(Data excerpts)
::::::

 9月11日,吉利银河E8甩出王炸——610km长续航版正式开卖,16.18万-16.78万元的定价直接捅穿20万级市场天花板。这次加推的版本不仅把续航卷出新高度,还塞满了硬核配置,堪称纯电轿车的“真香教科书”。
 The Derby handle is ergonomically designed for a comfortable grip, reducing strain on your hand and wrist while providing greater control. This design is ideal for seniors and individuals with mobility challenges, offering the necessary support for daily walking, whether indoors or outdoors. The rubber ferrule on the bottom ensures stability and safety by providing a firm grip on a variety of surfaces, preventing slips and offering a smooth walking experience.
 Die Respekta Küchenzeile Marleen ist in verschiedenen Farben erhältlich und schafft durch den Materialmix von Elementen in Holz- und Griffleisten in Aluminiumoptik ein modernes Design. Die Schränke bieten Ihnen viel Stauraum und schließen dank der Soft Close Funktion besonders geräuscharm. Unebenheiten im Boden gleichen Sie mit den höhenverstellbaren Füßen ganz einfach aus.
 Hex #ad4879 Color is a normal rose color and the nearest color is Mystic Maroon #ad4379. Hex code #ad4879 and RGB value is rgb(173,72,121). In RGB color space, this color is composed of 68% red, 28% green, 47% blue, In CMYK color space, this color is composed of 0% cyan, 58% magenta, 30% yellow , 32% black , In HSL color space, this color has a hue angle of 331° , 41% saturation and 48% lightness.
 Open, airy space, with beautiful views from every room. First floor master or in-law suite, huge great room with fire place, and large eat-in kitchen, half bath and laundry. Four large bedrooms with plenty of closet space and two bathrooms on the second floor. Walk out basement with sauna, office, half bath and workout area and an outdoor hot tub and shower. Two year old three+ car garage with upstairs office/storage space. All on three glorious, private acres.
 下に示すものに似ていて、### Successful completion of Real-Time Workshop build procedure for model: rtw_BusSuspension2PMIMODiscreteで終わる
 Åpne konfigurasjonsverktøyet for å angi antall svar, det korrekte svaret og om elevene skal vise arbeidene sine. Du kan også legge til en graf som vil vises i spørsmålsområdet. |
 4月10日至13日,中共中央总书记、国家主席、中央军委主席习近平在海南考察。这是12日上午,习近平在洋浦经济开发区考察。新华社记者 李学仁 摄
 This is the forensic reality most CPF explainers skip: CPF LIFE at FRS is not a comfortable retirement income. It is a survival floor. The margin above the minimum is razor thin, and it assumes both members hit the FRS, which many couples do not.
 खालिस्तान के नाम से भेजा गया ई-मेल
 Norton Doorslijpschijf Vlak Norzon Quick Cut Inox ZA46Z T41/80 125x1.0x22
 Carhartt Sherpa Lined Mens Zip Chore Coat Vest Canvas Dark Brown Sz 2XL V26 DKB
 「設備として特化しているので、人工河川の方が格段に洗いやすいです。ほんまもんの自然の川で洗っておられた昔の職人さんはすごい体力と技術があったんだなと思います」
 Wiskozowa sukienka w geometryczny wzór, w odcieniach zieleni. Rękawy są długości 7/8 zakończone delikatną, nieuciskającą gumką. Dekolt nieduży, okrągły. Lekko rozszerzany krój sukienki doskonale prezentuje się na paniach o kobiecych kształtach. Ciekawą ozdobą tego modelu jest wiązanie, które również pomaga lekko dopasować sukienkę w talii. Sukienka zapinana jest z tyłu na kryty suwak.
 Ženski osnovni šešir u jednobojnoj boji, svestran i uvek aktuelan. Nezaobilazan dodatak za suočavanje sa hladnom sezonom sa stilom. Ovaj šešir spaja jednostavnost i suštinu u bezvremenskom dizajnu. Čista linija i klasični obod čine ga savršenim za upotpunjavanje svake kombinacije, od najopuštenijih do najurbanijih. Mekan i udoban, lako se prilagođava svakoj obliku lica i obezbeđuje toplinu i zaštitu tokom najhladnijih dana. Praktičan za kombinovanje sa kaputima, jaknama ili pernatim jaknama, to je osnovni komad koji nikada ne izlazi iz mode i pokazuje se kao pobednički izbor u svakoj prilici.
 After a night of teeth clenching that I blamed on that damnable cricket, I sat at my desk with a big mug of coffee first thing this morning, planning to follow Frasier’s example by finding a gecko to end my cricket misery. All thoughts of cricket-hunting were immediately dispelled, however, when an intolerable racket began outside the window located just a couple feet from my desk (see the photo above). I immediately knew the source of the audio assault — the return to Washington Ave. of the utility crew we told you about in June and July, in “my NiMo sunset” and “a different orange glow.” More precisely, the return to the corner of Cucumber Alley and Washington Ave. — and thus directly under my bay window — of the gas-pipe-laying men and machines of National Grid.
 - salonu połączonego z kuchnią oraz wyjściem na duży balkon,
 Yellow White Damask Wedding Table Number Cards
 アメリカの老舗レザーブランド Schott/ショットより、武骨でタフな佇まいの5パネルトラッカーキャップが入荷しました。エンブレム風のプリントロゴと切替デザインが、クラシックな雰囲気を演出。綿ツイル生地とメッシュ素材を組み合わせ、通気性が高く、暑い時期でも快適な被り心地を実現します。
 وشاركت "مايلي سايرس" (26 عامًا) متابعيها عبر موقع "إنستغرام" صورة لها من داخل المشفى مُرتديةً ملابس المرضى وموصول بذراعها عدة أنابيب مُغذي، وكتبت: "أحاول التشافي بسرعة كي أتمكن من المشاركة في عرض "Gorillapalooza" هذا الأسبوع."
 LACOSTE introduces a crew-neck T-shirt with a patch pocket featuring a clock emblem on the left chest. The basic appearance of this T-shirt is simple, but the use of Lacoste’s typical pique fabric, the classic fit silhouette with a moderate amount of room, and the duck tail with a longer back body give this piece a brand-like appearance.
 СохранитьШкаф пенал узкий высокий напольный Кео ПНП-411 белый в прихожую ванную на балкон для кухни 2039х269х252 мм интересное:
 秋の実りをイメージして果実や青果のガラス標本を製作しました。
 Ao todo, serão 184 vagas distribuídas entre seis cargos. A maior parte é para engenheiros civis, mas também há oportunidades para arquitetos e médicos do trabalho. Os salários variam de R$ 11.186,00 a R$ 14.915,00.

::::::

» **Task to complete**: Every line in the records has to be written out again exactly.

» **Output for this exercise**:
 9月11日,吉利银河E8甩出王炸——610km长续航版正式开卖,16.18万-16.78万元的定价直接捅穿20万级市场天花板。这次加推的版本不仅把续航卷出新高度,还塞满了硬核配置,堪称纯电轿车的“真香教科书”。
 The Derby handle is ergonomically designed for a comfortable grip, reducing strain on your hand and wrist while providing greater control. This design is ideal for seniors and individuals with mobility challenges, offering the necessary support for daily walking, whether indoors or outdoors. The rubber ferrule on the bottom ensures stability and safety by providing a firm grip on a variety of surfaces, preventing slips and offering a smooth walking experience.
 Die Respekta Küchenzeile Marleen ist in verschiedenen Farben erhältlich und schafft durch den Materialmix von Elementen in Holz- und Griffleisten in Aluminiumoptik ein modernes Design. Die Schränke bieten Ihnen viel Stauraum und schließen dank der Soft Close Funktion besonders geräuscharm. Unebenheiten im Boden gleichen Sie mit den höhenverstellbaren Füßen ganz einfach aus.
 Hex #ad4879 Color is a normal rose color and the nearest color is Mystic Maroon #ad4379. Hex code #ad4879 and RGB value is rgb(173,72,121). In RGB color space, this color is composed of 68% red, 28% green, 47% blue, In CMYK color space, this color is composed of 0% cyan, 58% magenta, 30% yellow , 32% black , In HSL color space, this color has a hue angle of 331° , 41% saturation and 48% lightness.
 Open, airy space, with beautiful views from every room. First floor master or in-law suite, huge great room with fire place, and large eat-in kitchen, half bath and laundry. Four large bedrooms with plenty of closet space and two bathrooms on the second floor. Walk out basement with sauna, office, half bath and workout area and an outdoor hot tub and shower. Two year old three+ car garage with upstairs office/storage space. All on three glorious, private acres.
 下に示すものに似ていて、### Successful completion of Real-Time Workshop build procedure for model: rtw_BusSuspension2PMIMODiscreteで終わる
 Åpne konfigurasjonsverktøyet for å angi antall svar, det korrekte svaret og om elevene skal vise arbeidene sine. Du kan også legge til en graf som vil vises i spørsmålsområdet. |
 4月10日至13日,中共中央总书记、国家主席、中央军委主席习近平在海南考察。这是12日上午,习近平在洋浦经济开发区考察。新华社记者 李学仁 摄
 This is the forensic reality most CPF explainers skip: CPF LIFE at FRS is not a comfortable retirement income. It is a survival floor. The margin above the minimum is razor thin, and it assumes both members hit the FRS, which many couples do not.
 खालिस्तान के नाम से भेजा गया ई-मेल
 Norton Doorslijpschijf Vlak Norzon Quick Cut Inox ZA46Z T41/80 125x1.0x22
 Carhartt Sherpa Lined Mens Zip Chore Coat Vest Canvas Dark Brown Sz 2XL V26 DKB
 「設備として特化しているので、人工河川の方が格段に洗いやすいです。ほんまもんの自然の川で洗っておられた昔の職人さんはすごい体力と技術があったんだなと思います」
 Wiskozowa sukienka w geometryczny wzór, w odcieniach zieleni. Rękawy są długości 7/8 zakończone delikatną, nieuciskającą gumką. Dekolt nieduży, okrągły. Lekko rozszerzany krój sukienki doskonale prezentuje się na paniach o kobiecych kształtach. Ciekawą ozdobą tego modelu jest wiązanie, które również pomaga lekko dopasować sukienkę w talii. Sukienka zapinana jest z tyłu na kryty suwak.
 Ženski osnovni šešir u jednobojnoj boji, svestran i uvek aktuelan. Nezaobilazan dodatak za suočavanje sa hladnom sezonom sa stilom. Ovaj šešir spaja jednostavnost i suštinu u bezvremenskom dizajnu. Čista linija i klasični obod čine ga savršenim za upotpunjavanje svake kombinacije, od najopuštenijih do najurbanijih. Mekan i udoban, lako se prilagođava svakoj obliku lica i obezbeđuje toplinu i zaštitu tokom najhladnijih dana. Praktičan za kombinovanje sa kaputima, jaknama ili pernatim jaknama, to je osnovni komad koji nikada ne izlazi iz mode i pokazuje se kao pobednički izbor u svakoj prilici.
 After a night of teeth clenching that I blamed on that damnable cricket, I sat at my desk with a big mug of coffee first thing this morning, planning to follow Frasier’s example by finding a gecko to end my cricket misery. All thoughts of cricket-hunting were immediately dispelled, however, when an intolerable racket began outside the window located just a couple feet from my desk (see the photo above). I immediately knew the source of the audio assault — the return to Washington Ave. of the utility crew we told you about in June and July, in “my NiMo sunset” and “a different orange glow.” More precisely, the return to the corner of Cucumber Alley and Washington Ave. — and thus directly under my bay window — of the gas-pipe-laying men and machines of National Grid.
 - salonu połączonego z kuchnią oraz wyjściem na duży balkon,
 Yellow White Damask Wedding Table Number Cards
 アメリカの老舗レザーブランド Schott/ショットより、武骨でタフな佇まいの5パネルトラッカーキャップが入荷しました。エンブレム風のプリントロゴと切替デザインが、クラシックな雰囲気を演出。綿ツイル生地とメッシュ素材を組み合わせ、通気性が高く、暑い時期でも快適な被り心地を実現します。
 وشاركت "مايلي سايرس" (26 عامًا) متابعيها عبر موقع "إنستغرام" صورة لها من داخل المشفى مُرتديةً ملابس المرضى وموصول بذراعها عدة أنابيب مُغذي، وكتبت: "أحاول التشافي بسرعة كي أتمكن من المشاركة في عرض "Gorillapalooza" هذا الأسبوع."
 LACOSTE introduces a crew-neck T-shirt with a patch pocket featuring a clock emblem on the left chest. The basic appearance of this T-shirt is simple, but the use of Lacoste’s typical pique fabric, the classic fit silhouette with a moderate amount of room, and the duck tail with a longer back body give this piece a brand-like appearance.
 СохранитьШкаф пенал узкий высокий напольный Кео ПНП-411 белый в прихожую ванную на балкон для кухни 2039х269х252 мм интересное:
 秋の実りをイメージして果実や青果のガラス標本を製作しました。
 Ao todo, serão 184 vagas distribuídas entre seis cargos. A maior parte é para engenheiros civis, mas também há oportunidades para arquitetos e médicos do trabalho. Os salários variam de R$ 11.186,00 a R$ 14.915,00.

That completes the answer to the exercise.